Le Parquet général près la Cour d’appel de Kinshasa/Gombe a mis la main sur deux anciens responsables de l’Agence congolaise des grands travaux -ACGT- présumés impliqués dans la surfacturation des marchés d’infrastructures réalisées en exécution du contrat chinois, avant de les transférer à Makala samedi autour de 21 heures. Des sources judiciaires citent l’ancien Directeur général Roger Busima Kataala, en poste du 17 novembre 2008 au 21 janvier 2011, et son successeur direct, l’ancien Directeur général Charles-Médard Ilunga Mwamba, en fonction du 21 janvier 2011 au 22 novembre 2022.
A les en croire, le Parquet a également interpellé et emprisonné un troisième suspect, Willy Monda, ancien chef de section Voirie à l’Office de voirie et drainage -OVD-, où Roger Busima avait également été Administrateur-Directeur général peu avant sa nomination à l’ACGT.
Créée en août 2008, l’ACGT avait reçu mandat d’exécuter le projet de construction des infrastructures prévu dans le contrat minerais contre infrastructures signé entre la RD-Congo et le groupement d’entreprises chinoises -GEC. Au départ, le programme sino-congolais avait la prétention de mobiliser 9 milliards de dollars américains, dont 6 milliards pour le projet d’infrastructures de base et 3 pour le projet minier. Ce budget a été réduit à 6 milliards de dollars, pour tenir compte des exigences conjoncturelles liées à la soutenabilité de la dette.

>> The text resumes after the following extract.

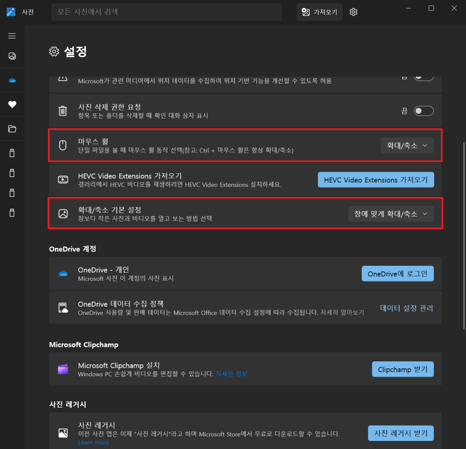 첫 번째 설정은 개인적으로 전 마우스 휠을 통해 이미지 파일을 확대하거나 축소 설정하는 편입니다. 여러 이미지를 키보드 방향키로 넘기다 보면 흐리거나 글자가 잘 안 보이거나 흐린 이미지를 편하게 확대하고 축소하려는 용도입니다.

De ce montant, 3 milliards de dollars devaient concerner le secteur des routes, voiries, chemins de fer, bâtiment, énergie, port et aéroports. Les modalités pratiques de cette coopération ont été rendues possibles par la création d’une joint-venture dénommée Sicomines, du bureau de coordination du programme sino-congolais ainsi que de l’ACGT dont les deux premiers directeurs généraux, Roger Busima et Charles-Médard Ilunga, ont eu un mandat cumulé de 14 ans dont 11 pour le deuxième.

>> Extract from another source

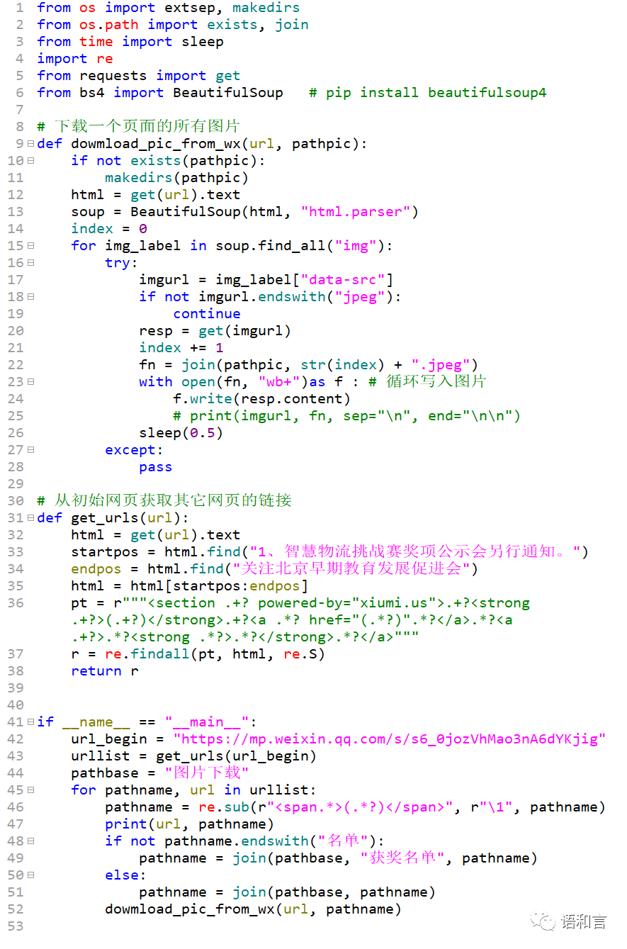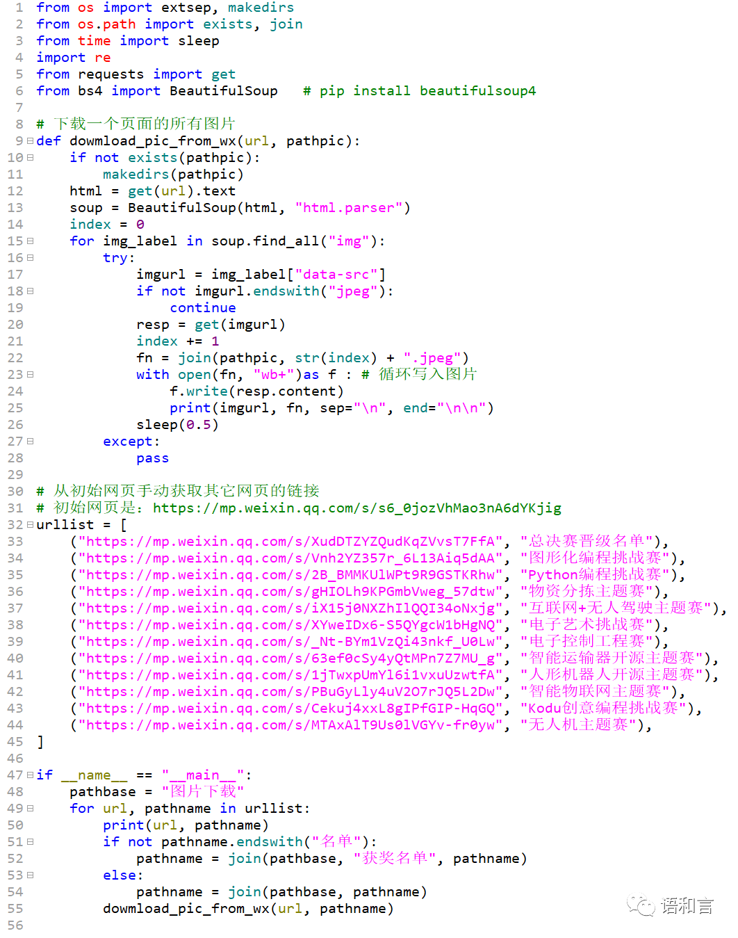思路一:手动获取12个页面的链接和名单类型,然后调用自定义的图片下载函数dowmload_pic_from_wx。

Pendant ces 14 ans, l’ACGT a pu, à en croire les informations glanées sur son propre site, exécuter 101 projets mis en œuvre, représentant un portefeuille de 2 milliards 950 millions 907 mille 376,48 dollars. De ces 101 projets, 49 relèvent des concessions, 42 du programme sino-congolais pour environ 825 millions de dollars américains et 10 sous financement du Trésor public. «AfricaNews» a appris également que les premières sommes sorties entre 2008 et 2010 dans le cadre des travaux d’urgence en prévision du Cinquantenaire de la RD-Congo sont tombées directement dans les caisses des sociétés chinoises CREC-7 et SZTC avec la complicité des responsables de l’ACGT et du Secrétariat exécutif du Bureau de coordination et de suivi du programme sino-congolais.

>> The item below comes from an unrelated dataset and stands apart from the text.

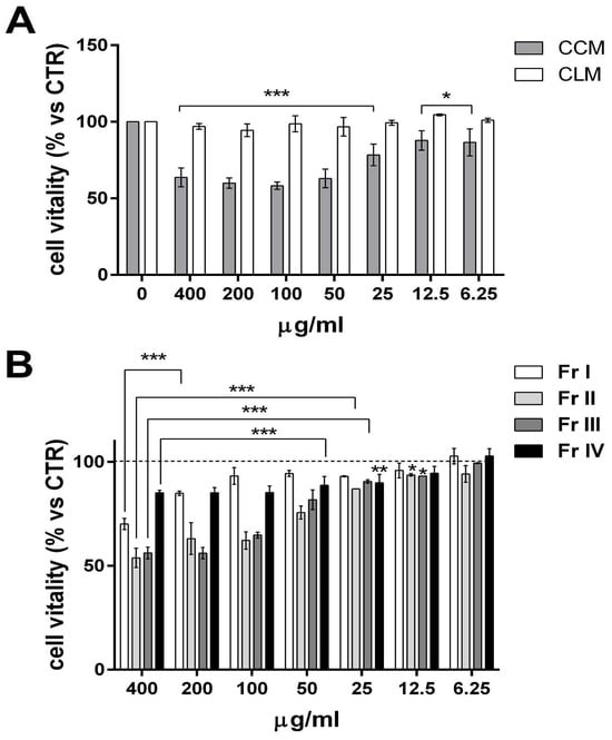 CCM whole extract and its isolated fractions II and III affect AGS cell vitality. (A) Histogram showing the viability of AGS cells, expressed as a percentage versus the control condition (dashed line, 100%), treated with a range of concentrations of CCM and CLM extracts (6.25–400 μg/mL) for 24 h by means of an MTT assay. (B) Histogram showing the viability of AGS cells treated with the same range of concentrations of CCM fractions I–IV (6.25–400 μg/mL) for 24 h. Results are expressed as means ± SD of 3 independent experiments performed in technical replicates. (ANOVA; * p < 0.05, and *** p < 0.001).

Enquête du Parquet et arrestations déclenchées à la suite d’un travail abattu par l’IGF!
Ces 14 ans de gestion du duo Busima-Ilunga ont coïncidé avec une enquête de l’Inspection générale des finances -IGF- dont les conclusions ont fait état du déséquilibre du contrat chinois et de la surfacturation des marchés d’infrastructures y découlant. Si la République n’a bénéficié que de ces 825 millions de dollars, la partie chinoise a, retour, empoché plus de 10 milliards de dollars. Inéquitable. Tout est donc parti du rapport des hommes de l’inspecteur général-chef de service Jules Alingete Key, qui a demandé à voir clair sur ces facturations excessives et exigé, en même temps, le réexamen du contrat chinois en vue de rétablir dans ses droits la RD-Congo.

Le Parquet général près la Cour d’appel de Kinshasa/Gombe a aussitôt lancé ses investigations, sur demande de l’IGF. Voici que ces enquêtes ont débouché sur l’interpellation et le mandat d’arrêt lancé à l’encontre de Busima, Ilunga et Monda, tous emprisonnés à Makala depuis samedi soir. Les éléments en possession de la justice font justement état de surfacturation des marchés d’infrastructures dans le cadre de la convention de collaboration portant sur le contrat chinois, d’inachèvement et inexécution des travaux pourtant déjà financés.
La surfacturation dénoncée provient de plusieurs artifices mis en œuvre à l’occasion de la conclusion des contrats des travaux et leur exécution. Des sources judiciaires précisent qu’il s’agit, en effet, de l’exagération des coûts unitaires et de certains frais normaux, de l’introduction dans les coûts des travaux des rubriques inexistantes dans les marchés du genre «sommes à valoir». Selon ces sources, tous ces faits laissent présumer un détournement des deniers publics étant donné que ces investissements sont des fonds prêtés à la RD-Congo, qui les rembourse avec intérêts sur ses minerais cédés à la Gécamines.